++++ Information provided

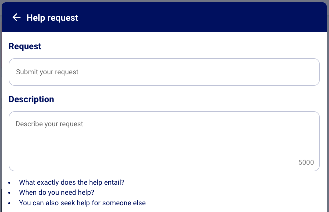 Describe your request: Give your help request a clear title and explain in the description exactly what you need help with.
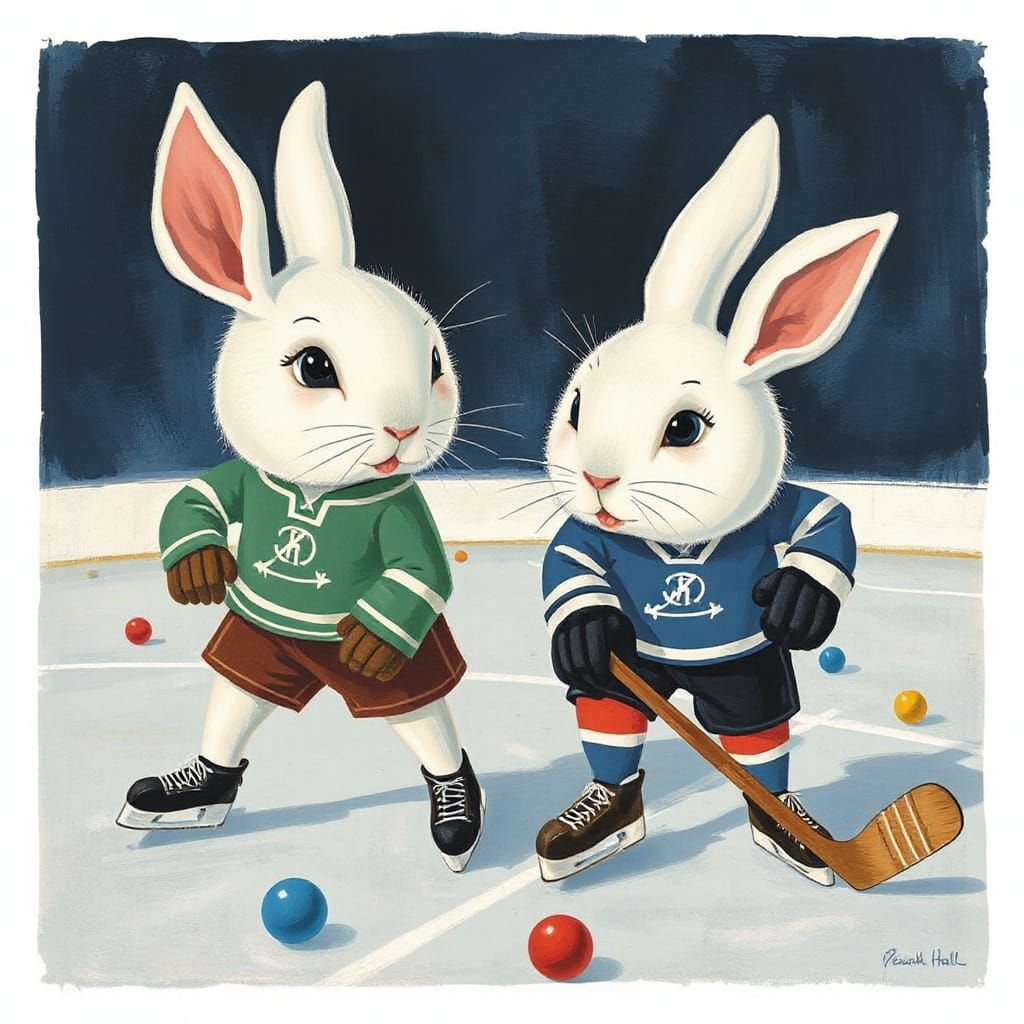 Easily generate your own unique sports posters featuring rabbits hockey, inspired by famous artists. Try it free!
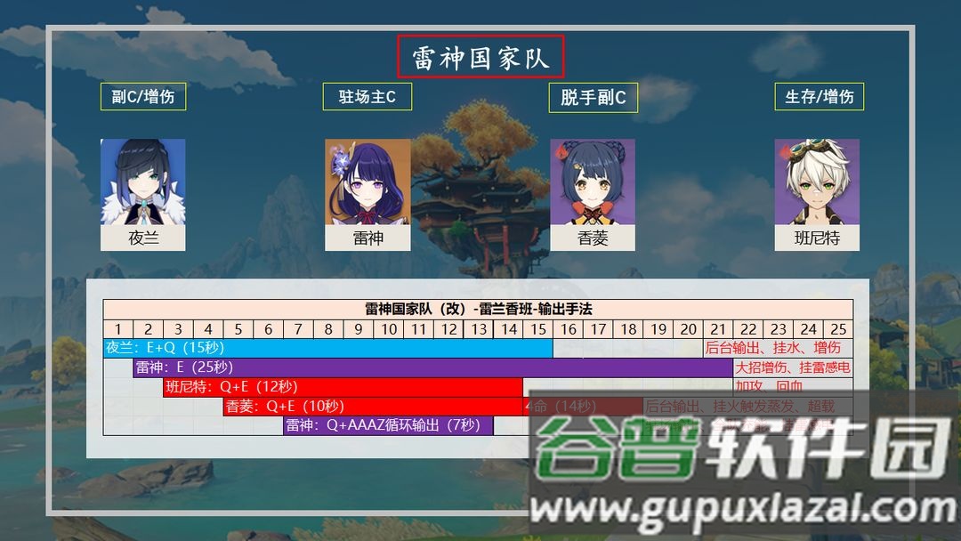 雷国变阵:用夜兰替换行秋,在后台同时与雷神触发感电、与香菱触发蒸发,其增伤天赋也能进一步提升雷神的爆发伤害。
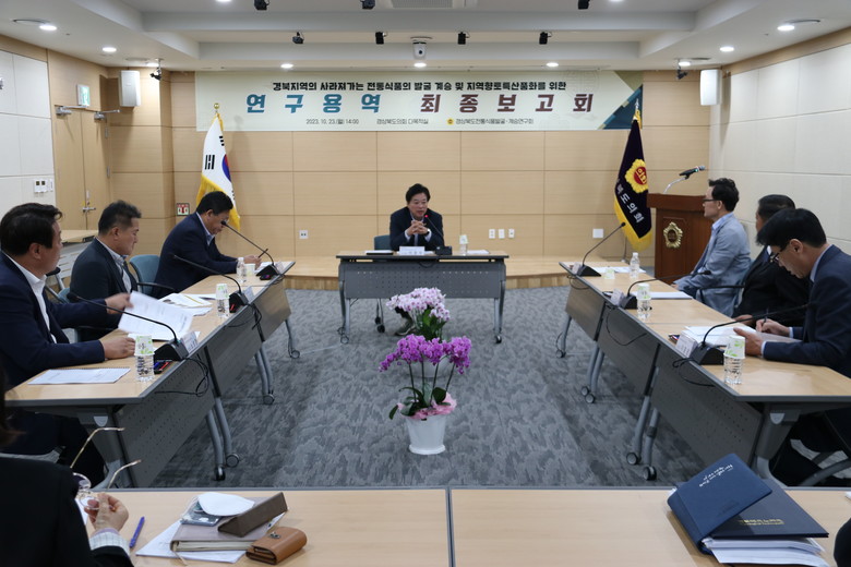 [경북 세계타임즈=한성국 기자] 경북도의회 「경상북도 전통식품 발굴.계승 연구회」(대표 이춘우 의원)는 23일(월) 도의회 다목적실에서 “경북지역의 사라져가는 전통식품의 발굴 계승 및 지역향토특산품화를 위한 연구 용역” 최종보고회를 개최했다.
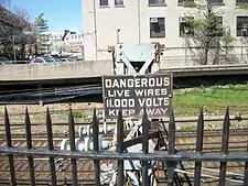 A section of the Chicago-Philadelphia Main Line (now part of Amtrak's Keystone Corridor) was electrified in 1915.[19] The suburban service runs between the former Broad Street Station in Philadelphia and the village of Paoli. The PRR electrification utilized overhead catenary wires electrified at 11 kV 25 Hz, and was fed by four substations in Arsenal, West Philadelphia, Bryn Mawr, and Paoli.[20] It was expanded in 1919 on the PRR's Chestnut Hill line, and in the 1920s on the Philadelphia-Washington, D.C. main line between Philadelphia and Wilmington, and on the West Chester Line between Philadelphia and West Chester, with the latter two lines being fed through a single substation located in Chester.
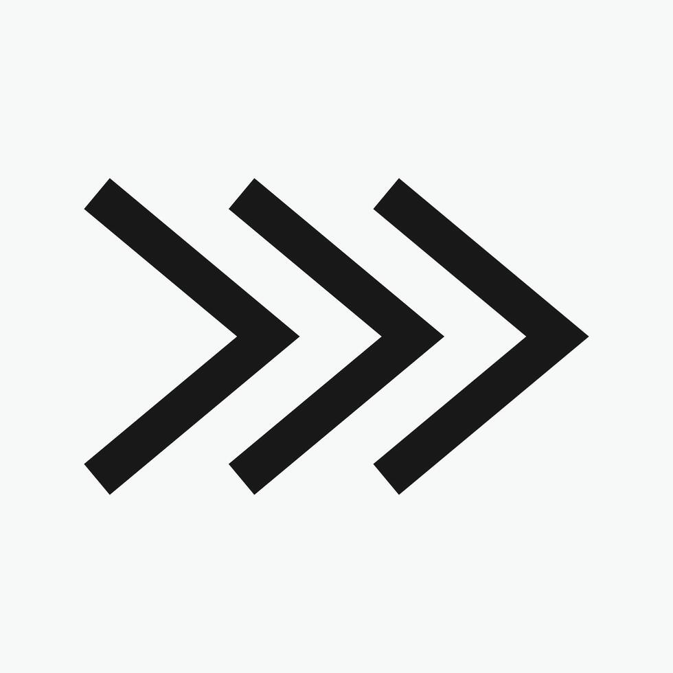 Arrows icon. Cursor. Modern simple arrows, Three black chevron symbols arranged in a row, pointing to the right. Pro Vector
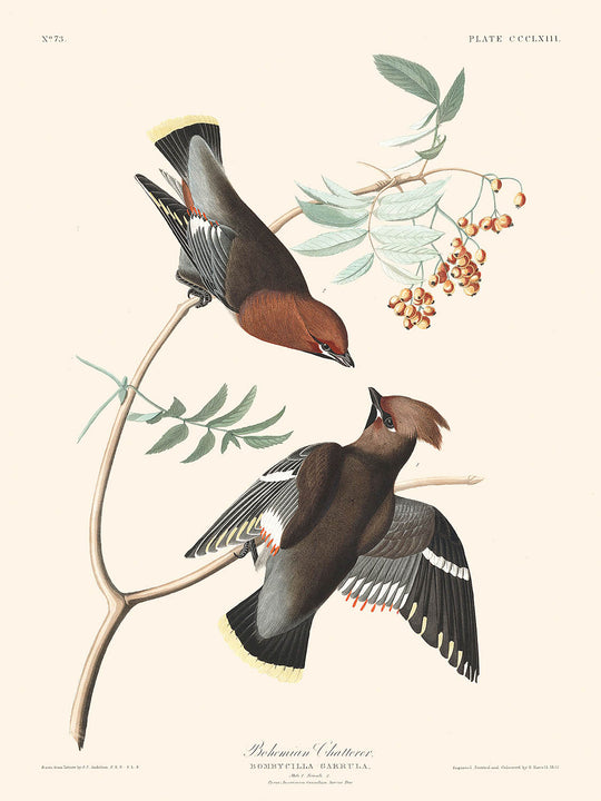 The Bohemian Chatterer, or Bombycilla garrula, is known for its striking plumage and unique migratory patterns. Audubon’s depiction is notable for the bird's rich greyish-brown colouring that transitions into ash-grey and brownish-orange, with highlighted primary quills tipped in bright yellow and red wax-like appendages. The scene is as much informative as it is aesthetically captivating, illustrating the bird's natural grace and intricate details with precision.

++++++++

Exactly the lines from the one with "A section of" through the end of the listing above are to be repeated, with no pictures.

 A section of the Chicago-Philadelphia Main Line (now part of Amtrak's Keystone Corridor) was electrified in 1915.[19] The suburban service runs between the former Broad Street Station in Philadelphia and the village of Paoli. The PRR electrification utilized overhead catenary wires electrified at 11 kV 25 Hz, and was fed by four substations in Arsenal, West Philadelphia, Bryn Mawr, and Paoli.[20] It was expanded in 1919 on the PRR's Chestnut Hill line, and in the 1920s on the Philadelphia-Washington, D.C. main line between Philadelphia and Wilmington, and on the West Chester Line between Philadelphia and West Chester, with the latter two lines being fed through a single substation located in Chester.
 Arrows icon. Cursor. Modern simple arrows, Three black chevron symbols arranged in a row, pointing to the right. Pro Vector
 The Bohemian Chatterer, or Bombycilla garrula, is known for its striking plumage and unique migratory patterns. Audubon’s depiction is notable for the bird's rich greyish-brown colouring that transitions into ash-grey and brownish-orange, with highlighted primary quills tipped in bright yellow and red wax-like appendages. The scene is as much informative as it is aesthetically captivating, illustrating the bird's natural grace and intricate details with precision.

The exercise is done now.